::: GIVEN ENTRIES :::

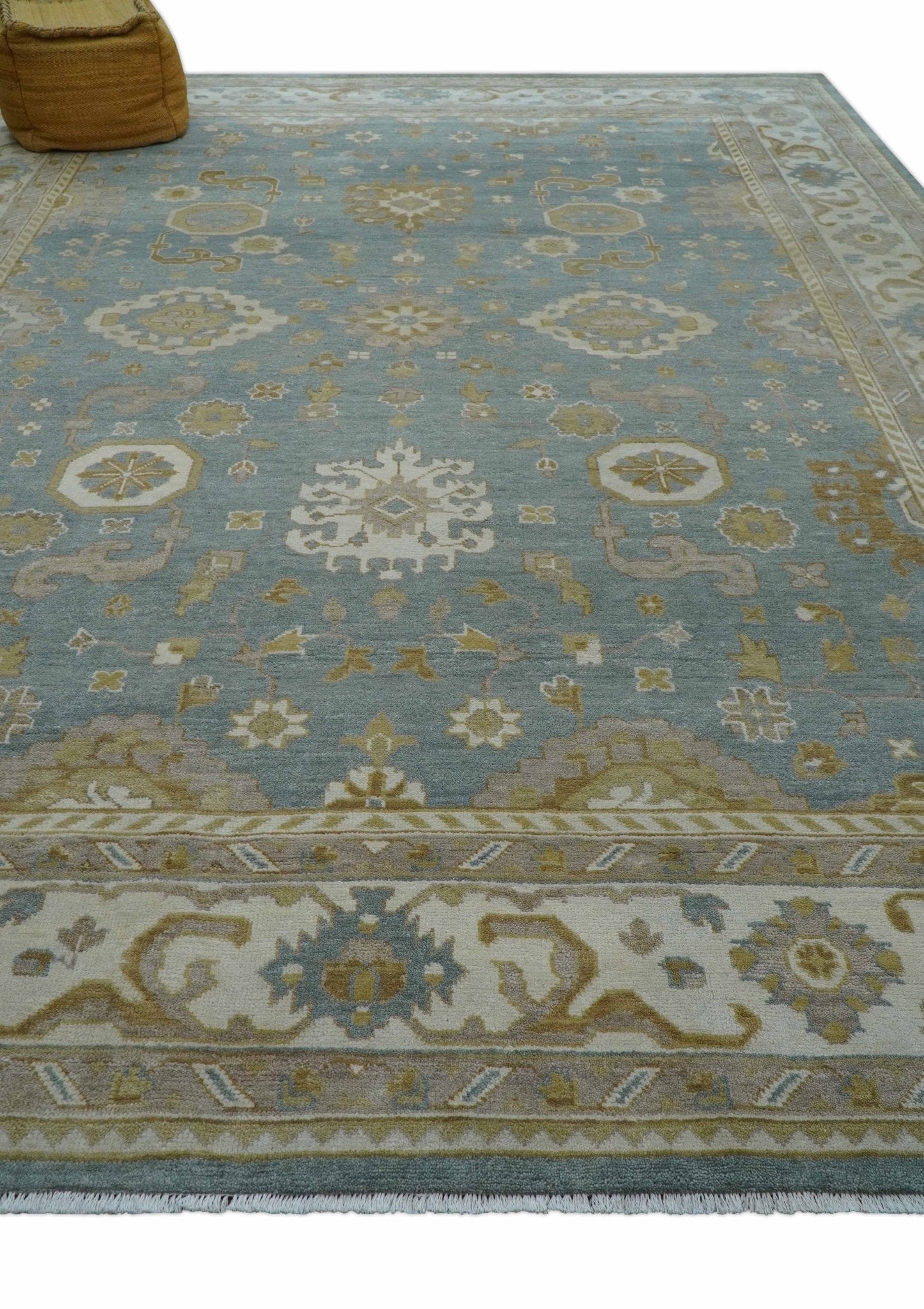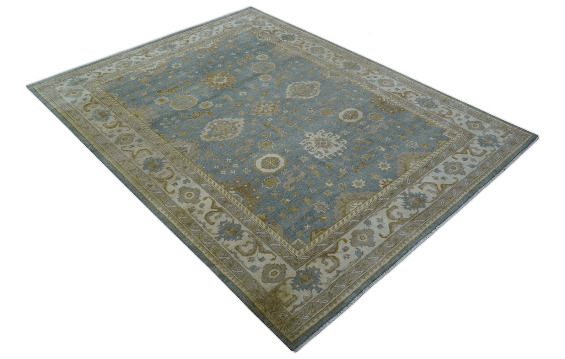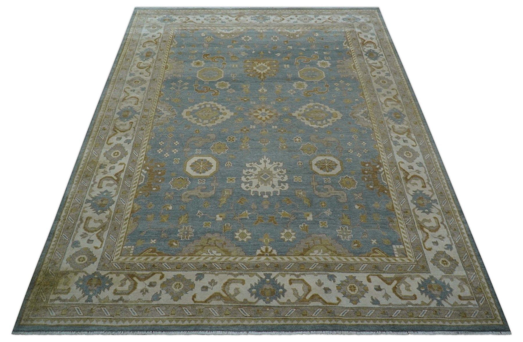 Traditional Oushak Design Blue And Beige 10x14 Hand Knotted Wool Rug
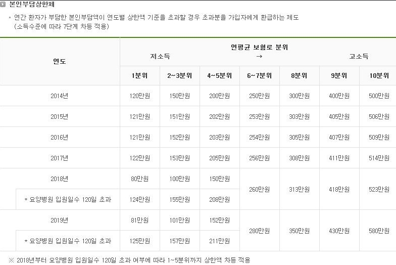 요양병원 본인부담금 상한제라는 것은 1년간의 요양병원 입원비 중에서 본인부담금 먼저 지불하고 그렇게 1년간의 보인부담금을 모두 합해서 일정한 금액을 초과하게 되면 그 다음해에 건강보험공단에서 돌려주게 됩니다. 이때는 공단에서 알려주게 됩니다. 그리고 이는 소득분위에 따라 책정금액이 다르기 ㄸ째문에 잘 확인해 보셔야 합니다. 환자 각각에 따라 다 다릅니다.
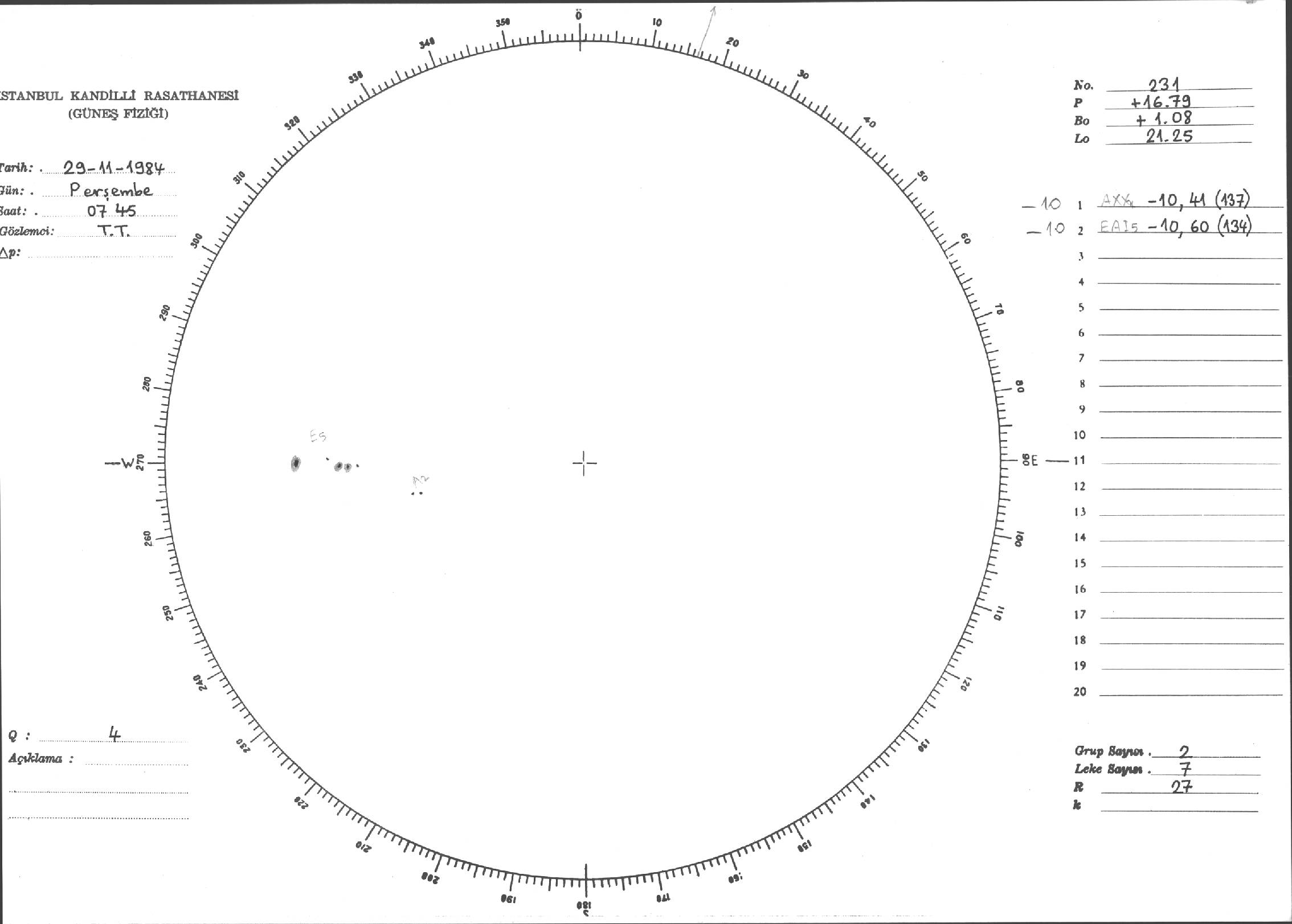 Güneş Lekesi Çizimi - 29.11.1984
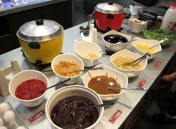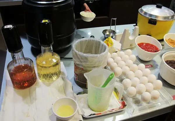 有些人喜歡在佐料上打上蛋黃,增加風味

:::
::: GIVEN ENTRIES :::

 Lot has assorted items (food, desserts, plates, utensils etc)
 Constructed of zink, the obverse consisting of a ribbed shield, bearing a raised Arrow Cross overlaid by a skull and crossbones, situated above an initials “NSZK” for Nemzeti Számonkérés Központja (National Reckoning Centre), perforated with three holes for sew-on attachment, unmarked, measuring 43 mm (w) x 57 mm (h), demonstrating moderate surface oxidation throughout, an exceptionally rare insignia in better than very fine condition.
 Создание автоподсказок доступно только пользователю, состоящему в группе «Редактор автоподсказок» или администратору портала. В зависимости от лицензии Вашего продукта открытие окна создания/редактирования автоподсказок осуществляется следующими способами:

:::

YOUR GOAL —
Out of the records above, please copy exactly the lines from the line with "Traditional Oushak Design" up to and including the line with "요양병원 본인부담금 상한제라는", minus the pictures.

RESULT FOR THIS TASK —
 Traditional Oushak Design Blue And Beige 10x14 Hand Knotted Wool Rug
 요양병원 본인부담금 상한제라는 것은 1년간의 요양병원 입원비 중에서 본인부담금 먼저 지불하고 그렇게 1년간의 보인부담금을 모두 합해서 일정한 금액을 초과하게 되면 그 다음해에 건강보험공단에서 돌려주게 됩니다. 이때는 공단에서 알려주게 됩니다. 그리고 이는 소득분위에 따라 책정금액이 다르기 ㄸ째문에 잘 확인해 보셔야 합니다. 환자 각각에 따라 다 다릅니다.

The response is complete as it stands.